It is additionally important to distinguish simple aneuploidy, caused by rare mis-segregation of one or a few chromosomes, from CIN, the propensity of the genome to undergo multiple chromosome gains and losses. CIN promotes the continuous evolution of karyotypes and therefore should be defined as the rate of karyotype evolution, whereas aneuploidy defines a cell with an abnormal chromosome content. CIN resulting in aneuploidy is sufficient to induce senescence, a stable cell cycle arrest linked to aging and other diseases (Campisi, 2011). Aneuploid cells can acquire a senescence-associated secretory phenotype characterized by the secretion of IL1B, CXCL8, CCL2, TNF, CCL27 and other pro-inflammatory factors (Andriani et al., 2016a; He et al., 2018; Macedo et al., 2018) (Wang et al., 2021b), some of which may even be general indicators of the cells' aneuploid state. Because aneuploidy promotes further genomic instability by increasing DNA damage and replication stress (Passerini et al., 2016), it can be regarded as a general indicator of genomic instability and may be one of the hallmarks of aging (Faggioli et al., 2011b). Indeed, age-related accumulation of aneuploidy has been reported in peripheral B-lymphocytes (Forsberg et al., 2014; Thompson et al., 2019; Pierre and Hoagland, 1972), the brain (Faggioli et al., 2012; Andriani et al., 2016b; Iourov et al., 2021), the ovaries (Antico Arciuch et al., 2011) the vascular endothelium (Aviv et al., 2001), germinal cells (Sloter et al., 2004) and the eye (Matsuyama et al., 2013).
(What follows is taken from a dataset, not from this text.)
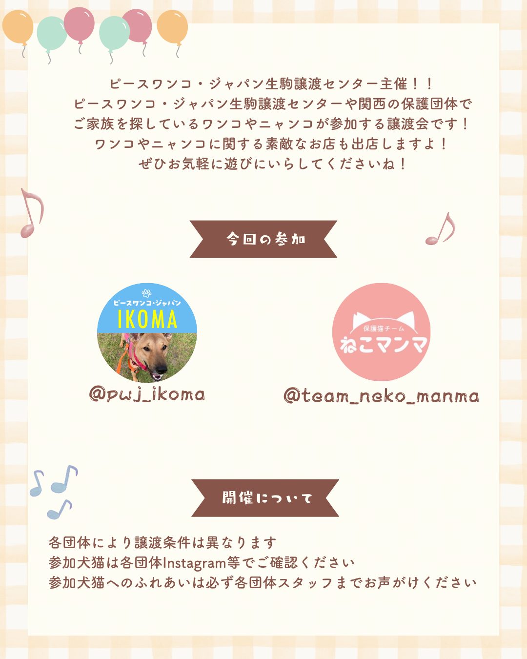 生駒譲渡センターでご家族を探しているワンコたちが参加する予定です♪

The detrimental effects of aneuploidy also make it a plausible cause of disease (Faggioli et al., 2011b; Andriani et al., 2017). The evidence obtained particularly supports roles for aneuploidy in neurodegenerative disorders. Mosaic aneuploidy in Alzheimer's disease was first proposed in 1991 (Potter, 1991) and extensively investigated with complementary molecular approaches (Yang et al., 2001; Kingsbury et al., 2006; Mosch et al., 2007; Thomas and Fenech, 2008; Iourov et al., 2009), all reporting high levels of aneuploidy (>30%) in the neurons of patients. Somatic mosaic aneuploidy can also be detected in cells from patients' peripheral tissues, including fibroblasts and peripheral blood mononuclear cells (Mukherjee and Thomas, 1997), and buccal cells (Jacobs et al., 2012). Nearly all Down's syndrome individuals older than 50 years of age display plaques and tangles within their brains that are similar in form, number and distribution to those observed in Alzheimer's disease patients (Mann and Esiri, 1988). This is possibly a consequence of the overexpression of the amyloid precursor protein gene that maps to chromosome 21.
Mosaic aneuploidy for chromosomes 18 and X appear to occur at higher frequency in Alzheimer's disease patients than in controls (Geller and Potter, 1999; Yurov et al., 2014). Increased CIN has been reported in patients with the neurological disorder ataxia telangiectasia, where the levels of aneuploid neurons were threefold higher relative to those in age- and sex-matched controls (Iourov et al., 2009; Yurov et al., 2009). Aneuploidy and cellular senescence are also linked to eye diseases (Garcia-Castillo et al., 2008; Matsuyama et al., 2013; Grassmann et al., 2020).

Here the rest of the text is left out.